BEGIN Record extracts
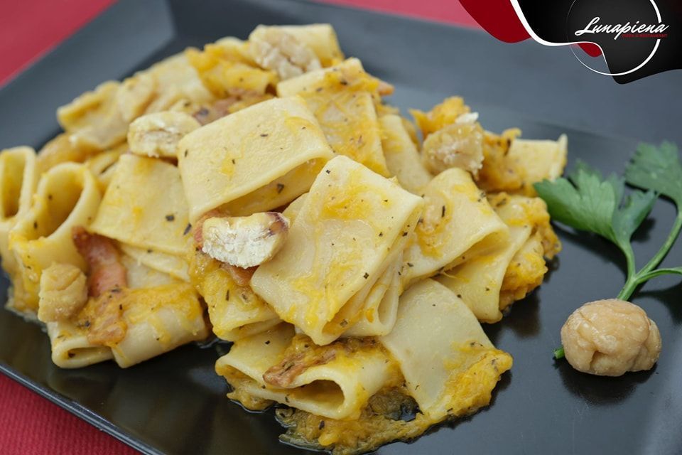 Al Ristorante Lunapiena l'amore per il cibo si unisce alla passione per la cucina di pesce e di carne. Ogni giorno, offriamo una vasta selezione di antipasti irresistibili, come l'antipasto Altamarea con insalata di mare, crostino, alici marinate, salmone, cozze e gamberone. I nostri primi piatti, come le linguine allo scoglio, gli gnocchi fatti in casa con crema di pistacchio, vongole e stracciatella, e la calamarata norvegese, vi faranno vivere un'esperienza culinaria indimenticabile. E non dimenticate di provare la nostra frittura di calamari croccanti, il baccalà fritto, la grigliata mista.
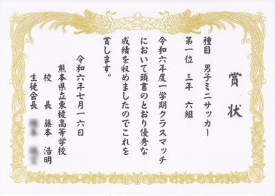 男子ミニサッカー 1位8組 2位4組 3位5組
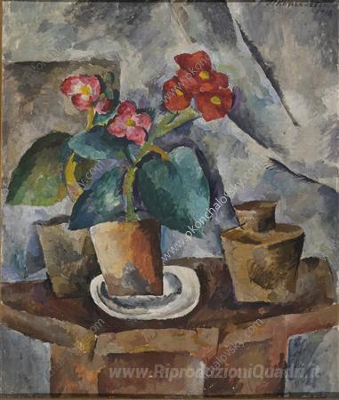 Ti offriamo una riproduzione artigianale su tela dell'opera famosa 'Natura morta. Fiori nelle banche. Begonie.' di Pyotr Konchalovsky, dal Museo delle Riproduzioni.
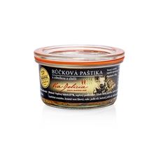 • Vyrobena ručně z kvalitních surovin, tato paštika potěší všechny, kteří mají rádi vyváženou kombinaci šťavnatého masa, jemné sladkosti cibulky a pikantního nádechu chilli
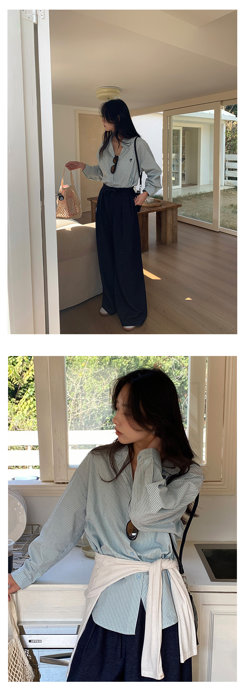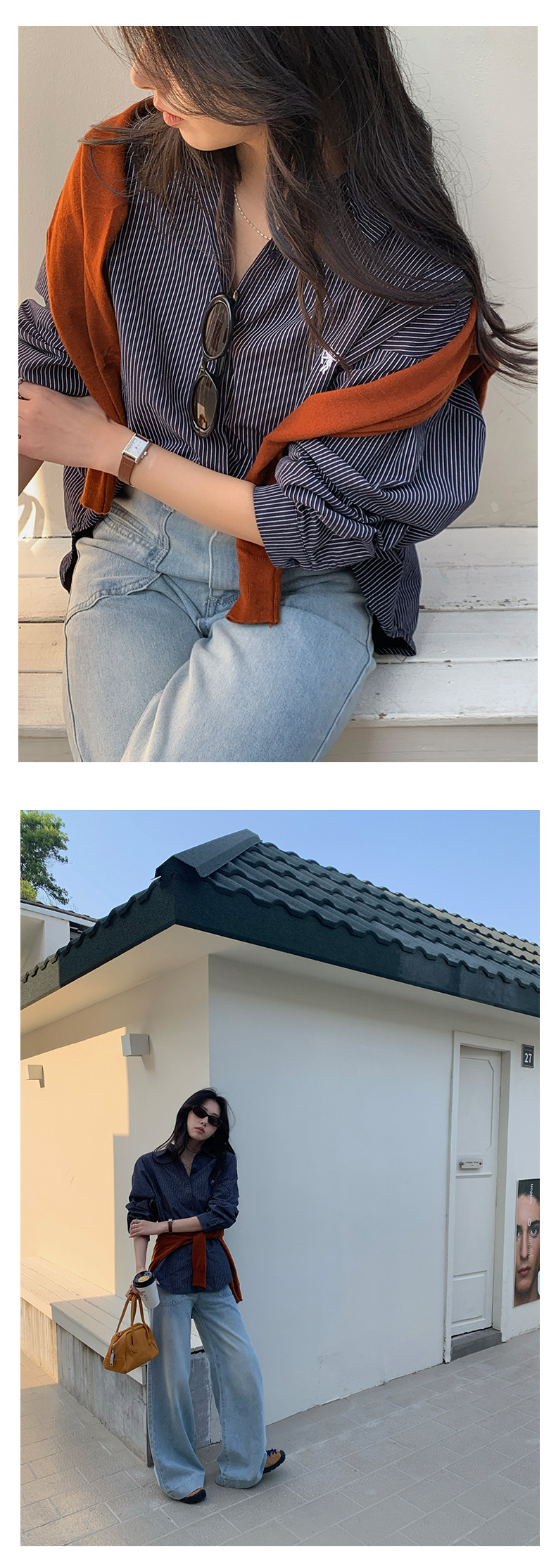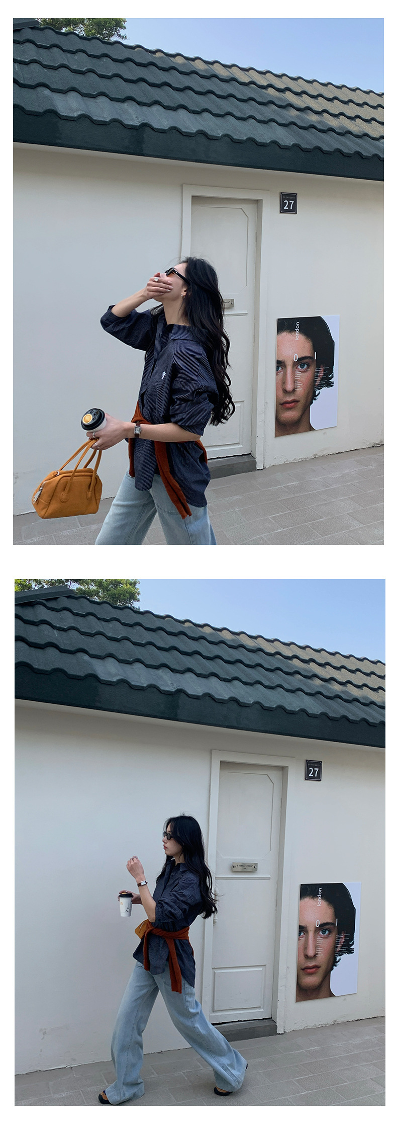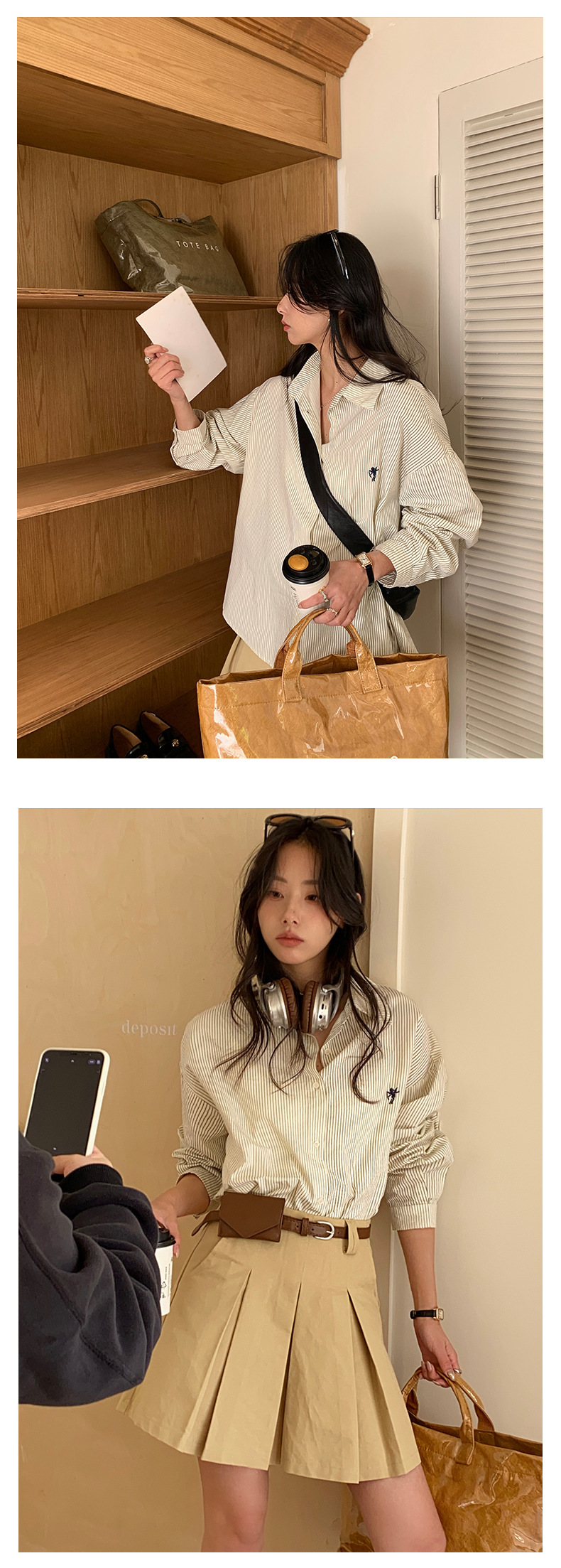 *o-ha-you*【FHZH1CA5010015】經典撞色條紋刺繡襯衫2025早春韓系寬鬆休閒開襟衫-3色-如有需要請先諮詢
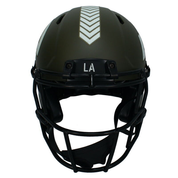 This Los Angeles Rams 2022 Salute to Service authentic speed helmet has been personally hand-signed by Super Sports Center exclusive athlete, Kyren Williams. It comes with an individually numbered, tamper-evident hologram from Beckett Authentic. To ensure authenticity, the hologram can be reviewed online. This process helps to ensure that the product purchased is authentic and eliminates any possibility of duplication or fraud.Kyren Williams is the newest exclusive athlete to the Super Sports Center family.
END Record extracts
BEGIN Record extracts
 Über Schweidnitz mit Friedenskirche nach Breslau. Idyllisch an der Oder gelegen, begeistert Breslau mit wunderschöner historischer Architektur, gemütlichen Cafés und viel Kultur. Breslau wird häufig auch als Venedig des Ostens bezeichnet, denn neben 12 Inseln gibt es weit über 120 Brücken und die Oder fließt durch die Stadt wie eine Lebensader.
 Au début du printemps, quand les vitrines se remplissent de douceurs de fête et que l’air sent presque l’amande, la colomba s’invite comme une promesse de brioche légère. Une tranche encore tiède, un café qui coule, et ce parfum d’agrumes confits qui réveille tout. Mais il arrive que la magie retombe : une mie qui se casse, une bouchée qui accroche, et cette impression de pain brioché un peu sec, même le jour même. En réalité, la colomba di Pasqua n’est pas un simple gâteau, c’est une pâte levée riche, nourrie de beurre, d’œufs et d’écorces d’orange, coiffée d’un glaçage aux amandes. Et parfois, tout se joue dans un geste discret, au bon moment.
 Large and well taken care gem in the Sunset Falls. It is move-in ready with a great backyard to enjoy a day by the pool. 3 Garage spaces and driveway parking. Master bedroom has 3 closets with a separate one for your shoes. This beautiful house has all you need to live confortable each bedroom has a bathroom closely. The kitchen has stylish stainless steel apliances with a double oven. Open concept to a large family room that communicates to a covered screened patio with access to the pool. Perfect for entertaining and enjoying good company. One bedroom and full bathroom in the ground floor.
END Record extracts
BEGIN Record extracts
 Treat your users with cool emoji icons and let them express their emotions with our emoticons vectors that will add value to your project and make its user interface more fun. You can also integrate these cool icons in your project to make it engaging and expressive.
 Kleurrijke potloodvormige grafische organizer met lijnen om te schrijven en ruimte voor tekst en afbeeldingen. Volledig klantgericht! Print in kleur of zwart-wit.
END Record extracts
# What is being asked
Copy the records above exactly, beginning at the line that contains "Au début du" and stopping after the line that contains "Large and well".

# Solution for this exercise
 Au début du printemps, quand les vitrines se remplissent de douceurs de fête et que l’air sent presque l’amande, la colomba s’invite comme une promesse de brioche légère. Une tranche encore tiède, un café qui coule, et ce parfum d’agrumes confits qui réveille tout. Mais il arrive que la magie retombe : une mie qui se casse, une bouchée qui accroche, et cette impression de pain brioché un peu sec, même le jour même. En réalité, la colomba di Pasqua n’est pas un simple gâteau, c’est une pâte levée riche, nourrie de beurre, d’œufs et d’écorces d’orange, coiffée d’un glaçage aux amandes. Et parfois, tout se joue dans un geste discret, au bon moment.
 Large and well taken care gem in the Sunset Falls. It is move-in ready with a great backyard to enjoy a day by the pool. 3 Garage spaces and driveway parking. Master bedroom has 3 closets with a separate one for your shoes. This beautiful house has all you need to live confortable each bedroom has a bathroom closely. The kitchen has stylish stainless steel apliances with a double oven. Open concept to a large family room that communicates to a covered screened patio with access to the pool. Perfect for entertaining and enjoying good company. One bedroom and full bathroom in the ground floor.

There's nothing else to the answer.